You are on page 1of 2

BELLIS VS BELLIS

FACTS:
Amos G. Bellis, born in Texas, was "a citizen of the State of Texas and of the United
States." By his first wife, Mary E. Mallen, whom he divorced, he had five legitimate
children; by his second wife, Violet Kennedy, who survived him, he had three
legitimate children; and finally, he had three illegitimate children: Amos Bellis, Jr.,
Maria Cristina Bellis and Miriam Palma Bellis.
On August 5, 1952, Amos G. Bellis executed a will in the Philippines, in which he
directed that after all taxes, obligations, and expenses of administration are paid
for, his distributable estate should be divided, in trust, in the following order and
manner: (a) $240,000.00 to his first wife, Mary E. Mallen; (b) P120,000.00 to his
three illegitimate children, Amos Bellis, Jr., Maria Cristina Bellis, Miriam Palma Bellis,
or P40,000.00 each and (c) after the foregoing two items have been satisfied, the
remainder shall go to his seven surviving children by his first and second wives,
namely: Edward A. Bellis, Henry A. Bellis, Alexander Bellis and Anna Bellis Allsman,
Edwin G. Bellis, Walter S. Bellis, and Dorothy E. Bellis, in equal shares.
Subsequently, or on July 8, 1958, Amos G. Bellis died a resident of San Antonio,
Texas, U.S.A. His will was admitted to probate in the Court of First Instance of Manila
on September 15, 1958.
On January 8, 1964, preparatory to closing its administration, the executor
submitted and filed its "Executor's Final Account, Report of Administration and
Project of Partition" wherein it reported, inter alia, the satisfaction of the legacy of
Mary E. Mallen by the delivery to her of shares of stock amounting to $240,000.00,
and the legacies of Amos Bellis, Jr., Maria Cristina Bellis and Miriam Palma Bellis in
the amount of P40,000.00 each or a total of P120,000.00. In the project of partition,
the executor pursuant to the "Twelfth" clause of the testator's Last Will and
Testament divided the residuary estate into seven equal portions for the benefit
of the testator's seven legitimate children by his first and second marriages.
On January 17, 1964, Maria Cristina Bellis and Miriam Palma Bellis filed their
respective oppositions to the project of partition on the ground that they were
deprived of their legitimes as illegitimate children and, therefore, compulsory heirs
of the deceased.
RTC RULING: overruled the oppositions and approved the executor's final account,
report and administration and project of partition. Relying upon Art. 16 of the Civil
Code, it applied the national law of the decedent, which in this case is Texas law,
which did not provide for legitimes.
ISSUE: Which law will apply- texas law or Philippine law.

RULING:
In the present case, it is not disputed that the decedent was both a national of Texas
and a domicile thereof at the time of his death. 2 So that even assuming Texas has a
conflict of law rule providing that the domiciliary system (law of the domicile) should
govern, the same would not result in a reference back (renvoi) to Philippine law, but
would still refer to Texas law. Nonetheless, if Texas has a conflicts rule adopting the
situs theory (lex rei sitae) calling for the application of the law of the place where
the properties are situated, renvoi would arise, since the properties here involved
are found in the Philippines. In the absence, however, of proof as to the conflict of
law rule of Texas, it should not be presumed different from ours. 3 Appellants'
position is therefore not rested on the doctrine of renvoi. As stated, they never
invoked nor even mentioned it in their arguments. Rather, they argue that their
case falls under the circumstances mentioned in the third paragraph of Article 17 in
relation to Article 16 of the Civil Code.

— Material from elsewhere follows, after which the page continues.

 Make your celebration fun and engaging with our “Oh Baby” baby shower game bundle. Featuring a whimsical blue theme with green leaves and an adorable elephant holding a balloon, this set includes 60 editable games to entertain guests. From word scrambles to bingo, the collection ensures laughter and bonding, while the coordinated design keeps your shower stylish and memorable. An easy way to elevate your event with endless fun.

Appellants would also point out that the decedent executed two wills one to
govern his Texas estate and the other his Philippine estate arguing from this that
he intended Philippine law to govern his Philippine estate. Assuming that such was
the decedent's intention in executing a separate Philippine will, it would not alter
the law, for as this Court ruled in Miciano v. Brimo, 50 Phil. 867, 870, a provision in a
foreigner's will to the effect that his properties shall be distributed in accordance
with Philippine law and not with his national law, is illegal and void, for his national
law cannot be ignored in regard to those matters that Article 10 now Article 16
of the Civil Code states said national law should govern.

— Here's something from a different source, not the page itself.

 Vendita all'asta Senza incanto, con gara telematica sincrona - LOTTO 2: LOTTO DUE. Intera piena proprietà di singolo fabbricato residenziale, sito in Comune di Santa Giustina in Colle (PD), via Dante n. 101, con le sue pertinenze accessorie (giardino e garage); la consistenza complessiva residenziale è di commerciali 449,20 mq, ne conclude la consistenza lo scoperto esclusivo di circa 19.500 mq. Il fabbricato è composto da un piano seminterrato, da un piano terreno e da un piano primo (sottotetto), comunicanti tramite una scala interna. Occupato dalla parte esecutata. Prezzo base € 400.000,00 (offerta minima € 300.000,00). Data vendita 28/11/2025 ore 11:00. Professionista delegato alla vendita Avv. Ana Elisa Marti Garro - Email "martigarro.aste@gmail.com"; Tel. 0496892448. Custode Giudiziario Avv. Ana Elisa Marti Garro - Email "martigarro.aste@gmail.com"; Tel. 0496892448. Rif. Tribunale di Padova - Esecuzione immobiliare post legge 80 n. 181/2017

The parties admit that the decedent, Amos G. Bellis, was a citizen of the State of
Texas, U.S.A., and that under the laws of Texas, there are no forced heirs or
legitimes. Accordingly, since the intrinsic validity of the provision of the will and the
amount of successional rights are to be determined under Texas law, the Philippine
law on legitimes cannot be applied to the testacy of Amos G. Bellis.